I like that imagery. I've had the flu and coughed so hard I'm pretty sure I did bring up a scrotum or two. Green, no less. Besides, I've always thought that was a weird, neat word. Say it with me, now: SCRO-TUM. Neat word.
How ironic that a book written by a public librarian is now being banned in libraries all over the United States, solely on the basis of a single word denoting a part of the body shared by every male human being (and dog) on the planet. Ironic, but hardly surprising. After all, we're talking about the same country that went temporarily insane over a nipple on television. Nipple: you know, the thing that kids far too young to read are intimately familiar with?
The Higher Power of Lucky was written for a fifth and sixth grade audience. At that age, I'm pretty sure I had no idea what a scrotum was: I called that body part my bag. As in, "Ow! He bagged me!" I would have been gratified (and, let's face it, a tad amused: scrotumscrotumscrotum!) to have a real honest-to-goodness word to describe my nut sack. I wouldn't have been scared of the word, or scarred by it: I had read Where Did I Come From long before that, and been exposed to 'penis' and 'vagina' ("rhymes with North Carolina") without incident.
I'm pretty sure most other kids my age--yes, even then--would have been the same way upon learning what a "scrotum" was. It would immediately have become an insult to be hurled, of course: a word that unique pretty much has to be, especially since it seems to upset adults so much. But it would still be just a word. "There are no bad words", says George Carlin. "Bad thoughts....bad intentions...and words." Scrotum is not a bad word. How can it be? It
(a) comes directly from the Latin (cognate with Old English skrud, "garment": just imagine yourself dressed in a shimmering floor-length scrotum!);
and (b) describes a part of the human body--the same body, for those devout Christians most likely to object to the very notion of a scrotum, "made in the image and likeness of God": does God have a scrotum?

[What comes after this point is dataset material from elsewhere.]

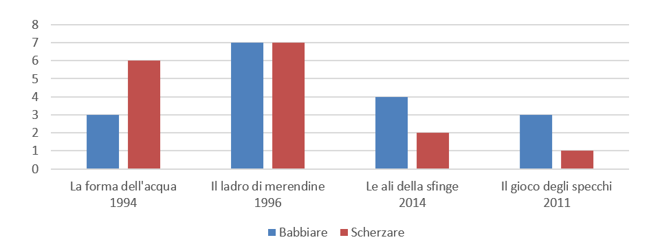 Nell’ultimo esempio riportato si può anche notare l’utilizzo del sostantivo “babbiata”: nonostante non abbia base comune con l’italiano, infatti, si è imposto come tipicità del lessico camilleriano.
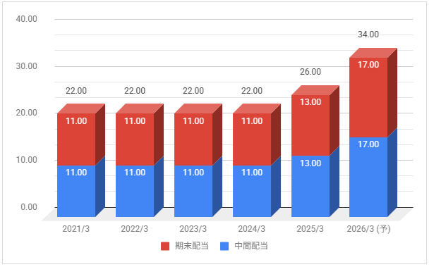 配当は据え置きで推移していましたが、2026年3月期は増配予定です。

Now, of course, there's a better-than-average chance some girl has seen your fifth or sixth grader's scrotum. At the very least. I can certainly understand the discomfort that thought might cause. But this uproar about the word, not even the picture? Ridiculous, in that way that only Americans ever seem to be.
Q. What's a yankee?
A. It's a quickie, only you're alone.
1 comment:
That is so absurd I don't even know what to say. Why are people so concerned with a word that describes a part of the human body? It's not done in a sexual way in the least bit. Bunch of puritans.